Julian the woodnut said:


> Are you talking about brush stroke type marks or something hazing the finish? If it's just brush marks, you could wet sand the final coat with 1000 grit working your way to 2000 grit(assuming there is a thick enough layer of finish on the stock). After you do this, you can rub out the finish with a quality automotive rubbing compound for the final high gloss sheen.

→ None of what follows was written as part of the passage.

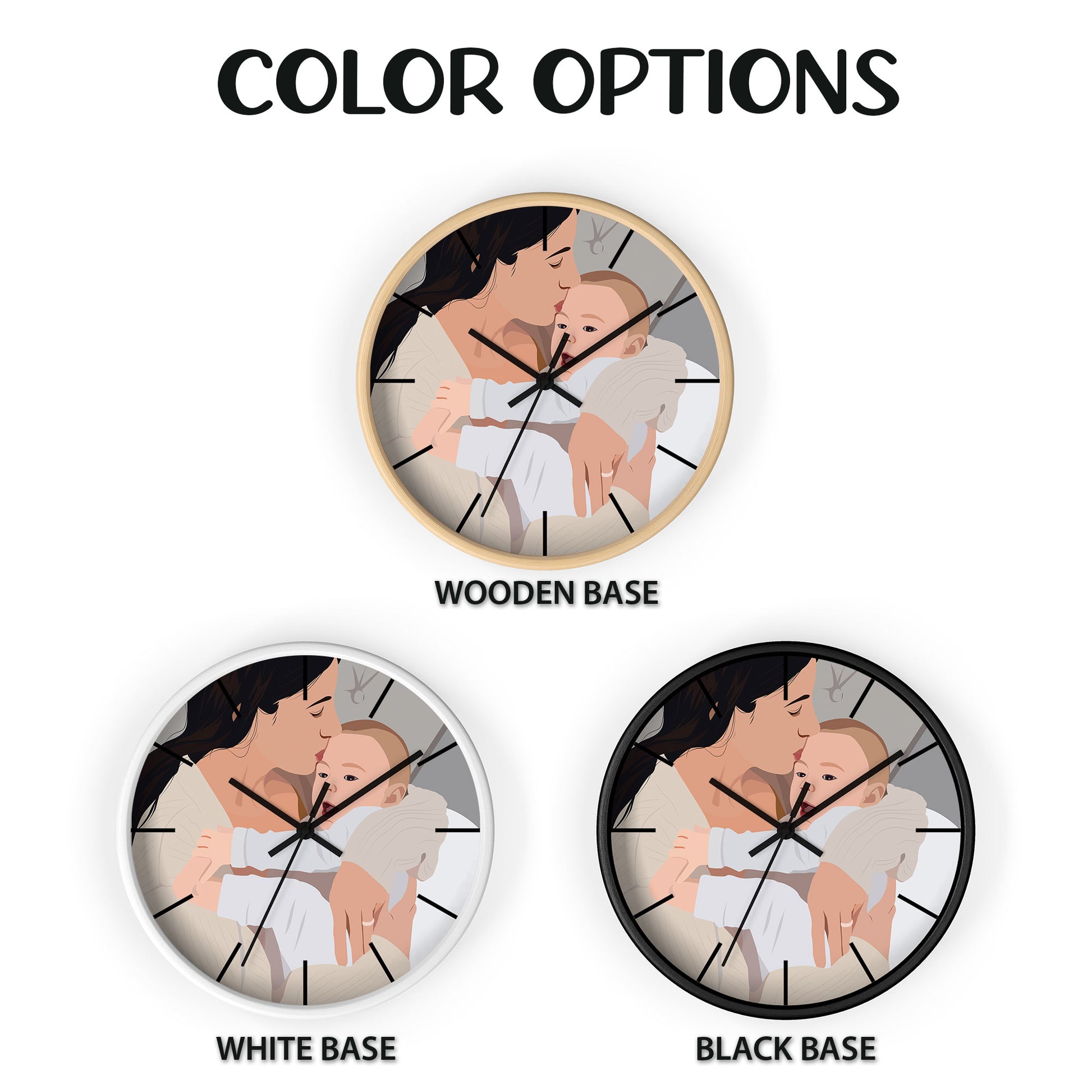 Customized Photo to Illustration Family Portrait Wall Clock Digital Art Style Mother's Day Gift

Yes, it appears to be "brush strokes" although I am applying it with cheese cloth. The stock will have a pretty think layer, it will be about 10 coats of Danish oil rubbed out in between coats. I have never seen 1000 or 2000 grit paper. I have some 800 grit and it is almost like no grit at all. I do have automotive rubbing compound.
I'll have to shop around for the higher grits you suggest. Thank you for your input, I have been getting frustrated with the results so far.


----------



## nzgeordie (Apr 25, 2009)

When you say brush marks, could they also be scratch marks from the earlier sanding between coats whiich you've then overlaid with new layers of oil? (This happened to me - once). You didn't say what grade paper you used before moving to the 4-O wool.


----------



## reyebe (Sep 11, 2009)

nzgeordie said:


> When you say brush marks, could they also be scratch marks from the earlier sanding between coats whiich you've then overlaid with new layers of oil? (This happened to me - once). You didn't say what grade paper you used before moving to the 4-O wool.


I used a light touch with 400, then 600 and 800


----------



## Julian the woodnut (Nov 5, 2008)

I get the higher grits of sandpaper at an automotive supply shop that specializes in auto paints.


----------



## reyebe (Sep 11, 2009)

Julian the woodnut said:


> I get the higher grits of sandpaper at an automotive supply shop that specializes in auto paints.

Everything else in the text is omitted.